首先我们需要word_to_ix = {'hello': 0, 'world': 1}，每个单词我们需要用一个数字去表示他，这样我们需要hello的时候，就用0来表示它。

接着就是word embedding的定义nn.Embedding(2, 5)，这里的2表示有2个词，5表示5维度，其实也就是一个2x5的矩阵，所以如果你有1000个词，每个词希望是100维，你就可以这样建立一个word embedding，nn.Embedding(1000, 100)。如何访问每一个词的词向量是下面两行的代码，注意这里的词向量的建立只是初始的词向量，并没有经过任何修改优化，我们需要建立神经网络通过learning的办法修改word embedding里面的参数使得word embedding每一个词向量能够表示每一个不同的词。

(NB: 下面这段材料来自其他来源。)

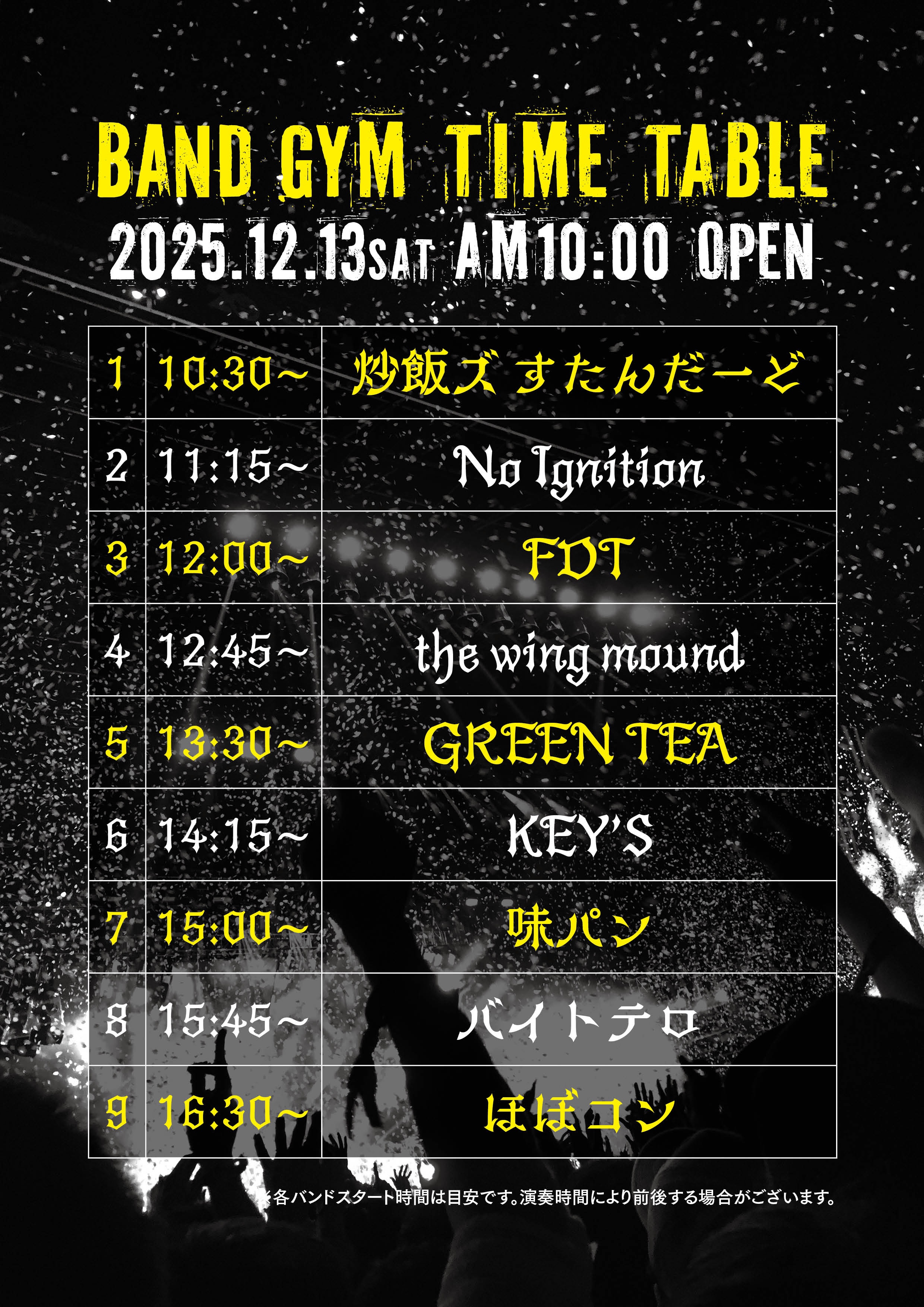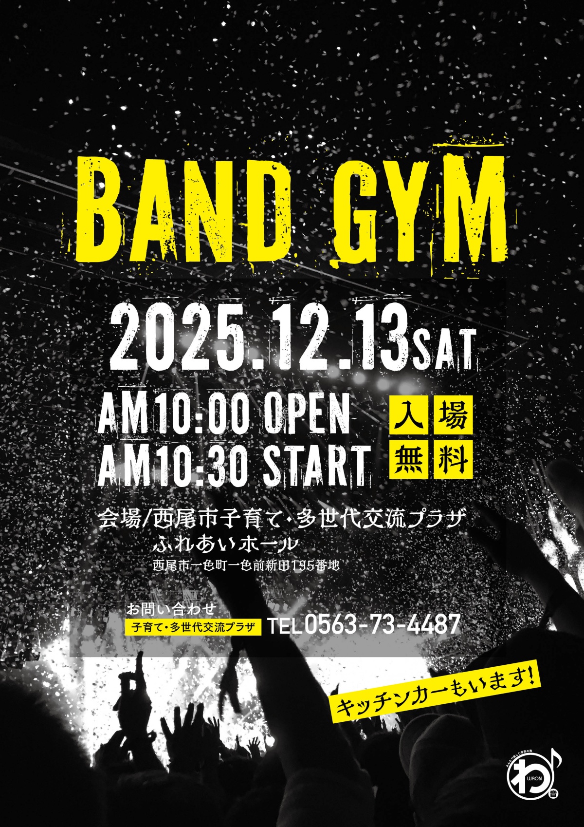 2025年12月13日(土) 子育て・多世代交流プラザ BAND GYM 多彩なバンドの熱いパフォーマンスをお楽しみください! キッチンカーも出店しております!! 【お問い合わせ先】 子育て・多世代交流プラザ TEL0563-73-4487 時 間 AM10:30〜[開場AM10:00] 場 所 子育て・多世代交流プラザ ふれあいホール 対 象 どなたでも 料 金 入場無料
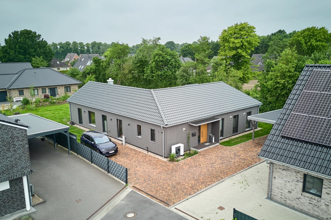 Almanya’nın kuzeyindeki klasik tuğla mimarisiyle çevrili bir yerleşim alanında yükselen tek katlı ahşap bungalov, bu anlayışın güçlü bir örneğini oluşturuyor. Christoph ve Svea Stanek çifti ile oğulları Pius için tasarlanan bu müstakil ev, çağdaş ahşap mimarinin kuzey Almanya’da da ne kadar etkileyici olabileceğini gözler önüne seriyor.
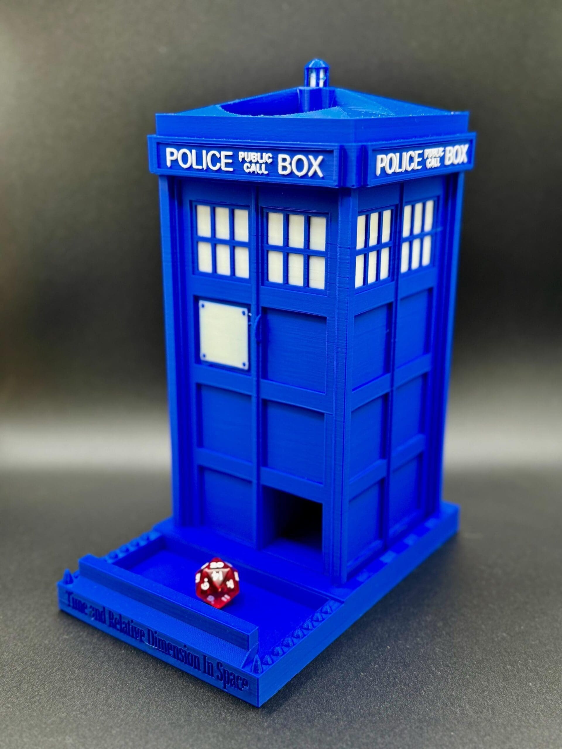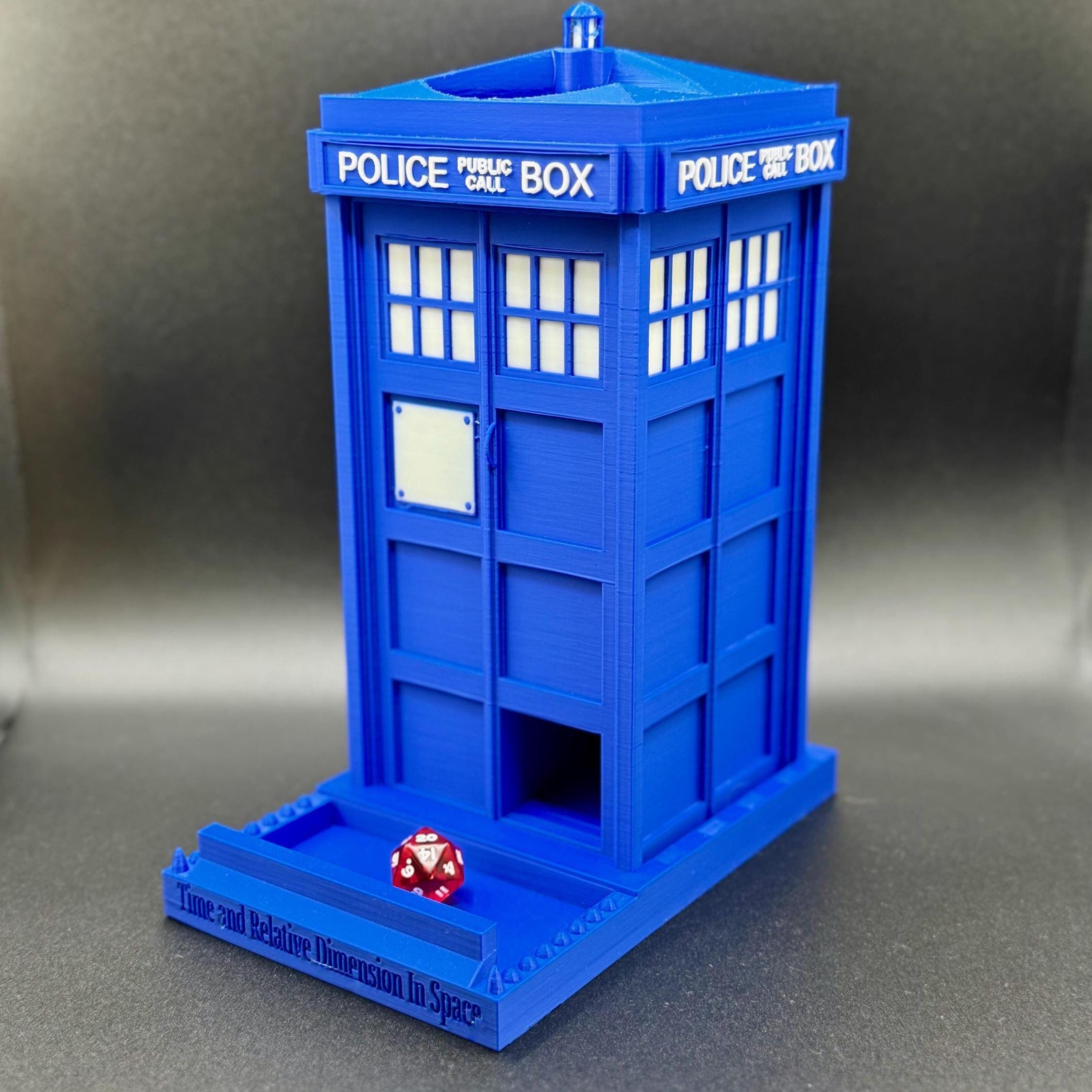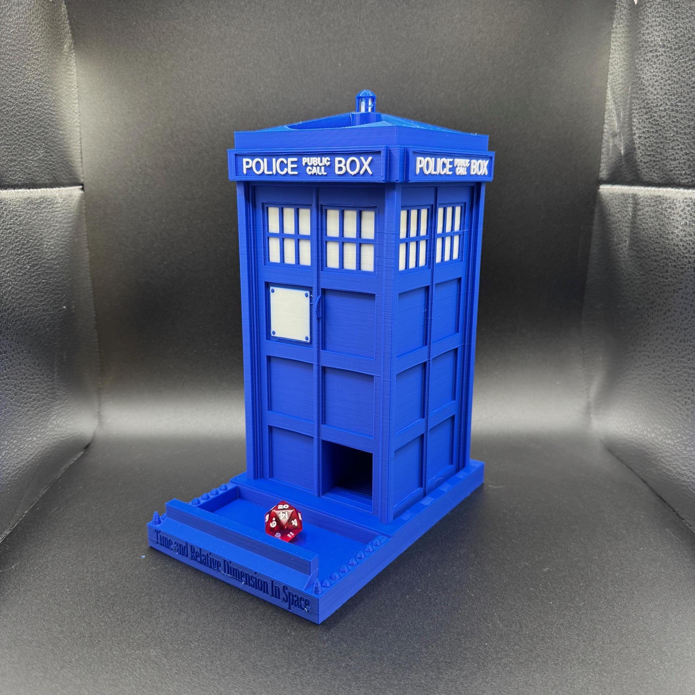 Are you tired of your dice rolling off the table? Do you want to add some excitement to your games? Look no further than our Police Box Dice Tower! Perfect for Dungeons and Dragons. The police box stairway guarantees maximum randomness for your rolls.
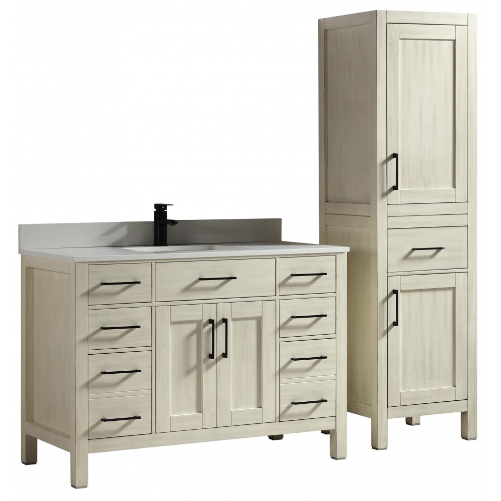 Vanité de salle de bain Goli 48'' – bois massif beige antique
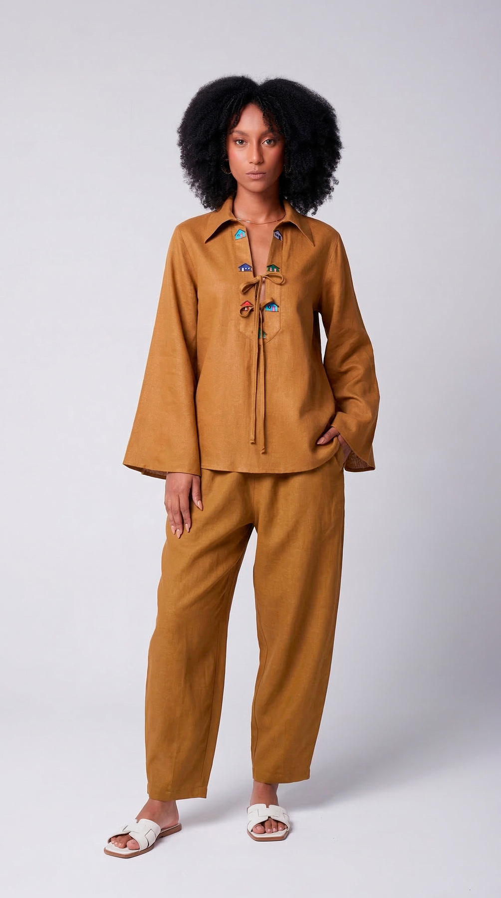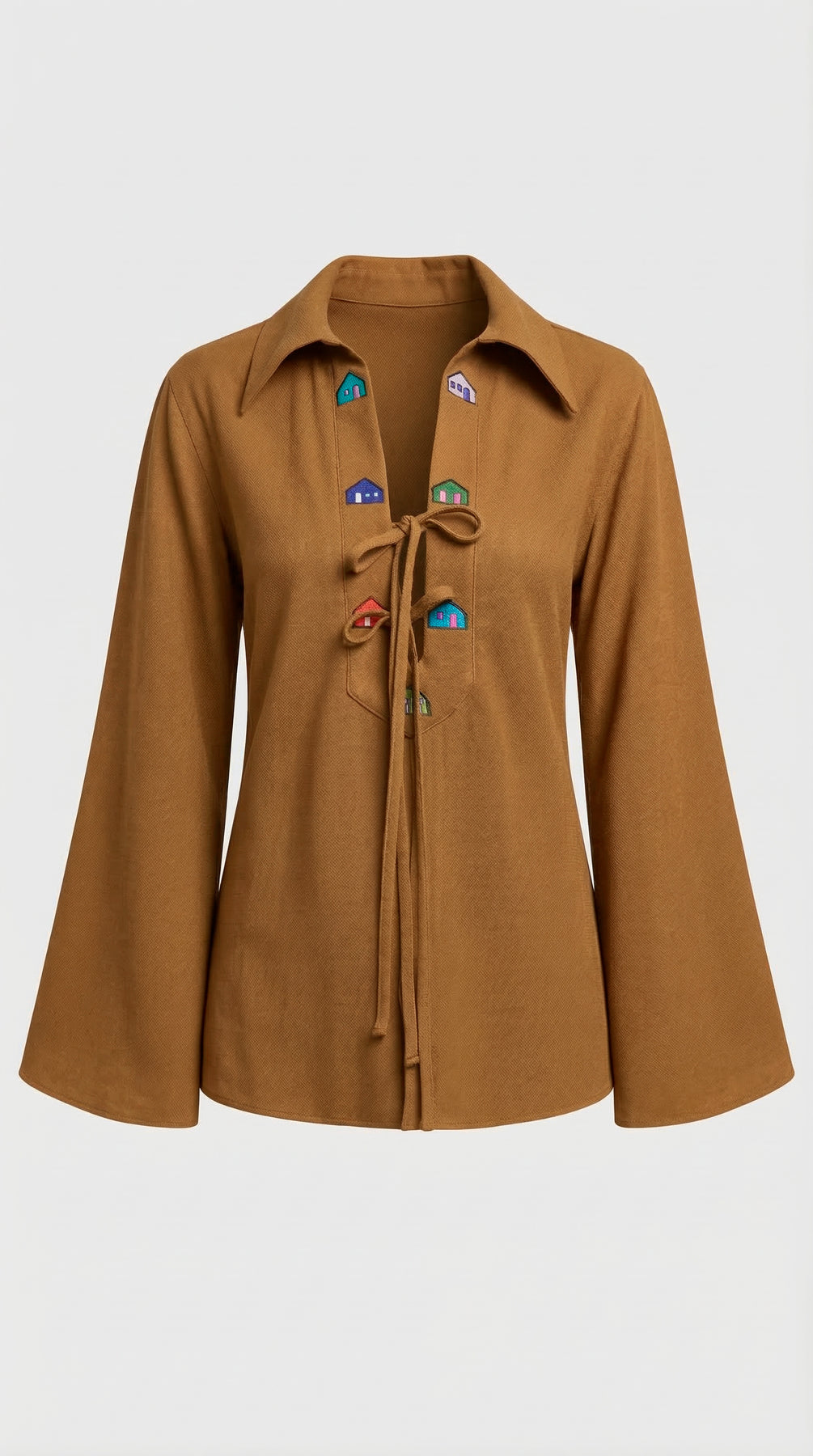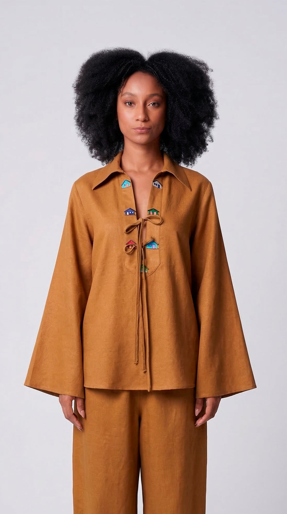 O movimento das mangas amplas confere uma aura de serenidade, enquanto o decote profundo serve como a tela perfeita para o detalhe mais encantador da peça: uma sequência de casinhas bordadas em cores vibrantes que evocam o cotidiano trancosiano. Finalizada com laços delicados, a peça pontua o visual com um toque lúdico.
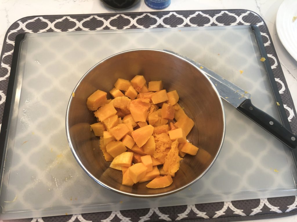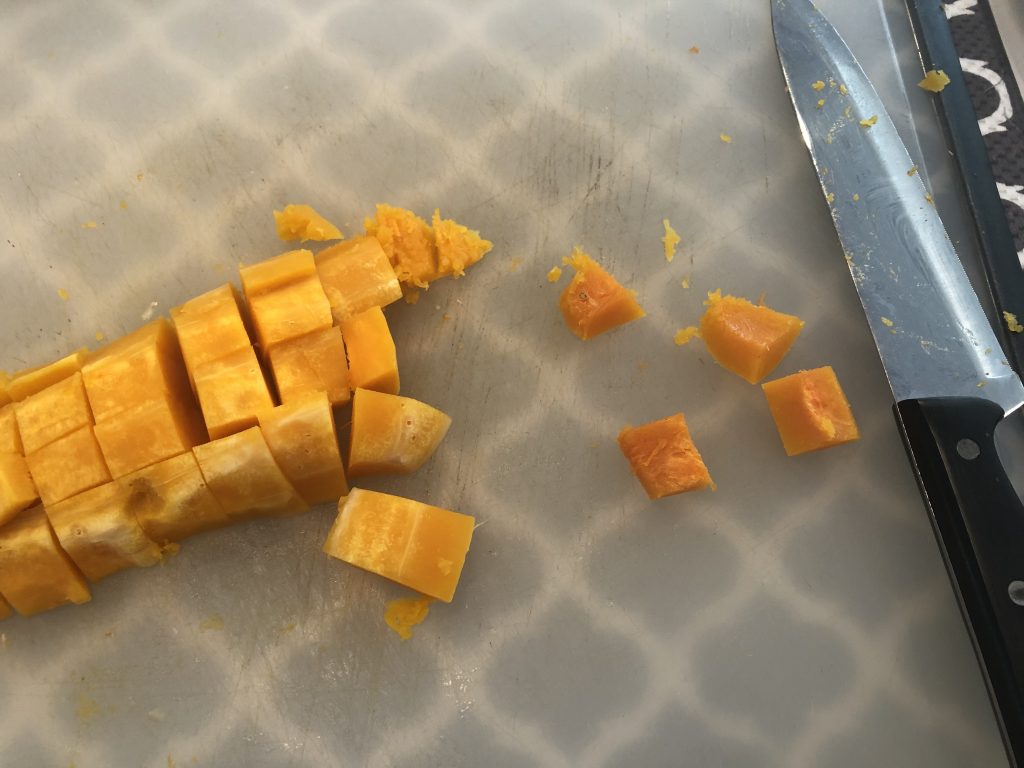 Next, cube the squash. I started by cutting the squash lengthwise.

hello_idx = torch.LongTensor([word_to_ix['hello']])
hello_idx = Variable(hello_idx)

接着这两行代码表示得到一个Variable，它的值是hello这个词的index，也就是0。这里要特别注意一下我们需要Variable，因为我们需要访问nn.Embedding里面定义的元素，并且word embeding算是神经网络里面的参数，所以我们需要定义Variable。
hello_embed = embeds(hello_idx)这一行表示得到word embedding里面关于hello这个词的初始词向量，最后我们就可以print出来。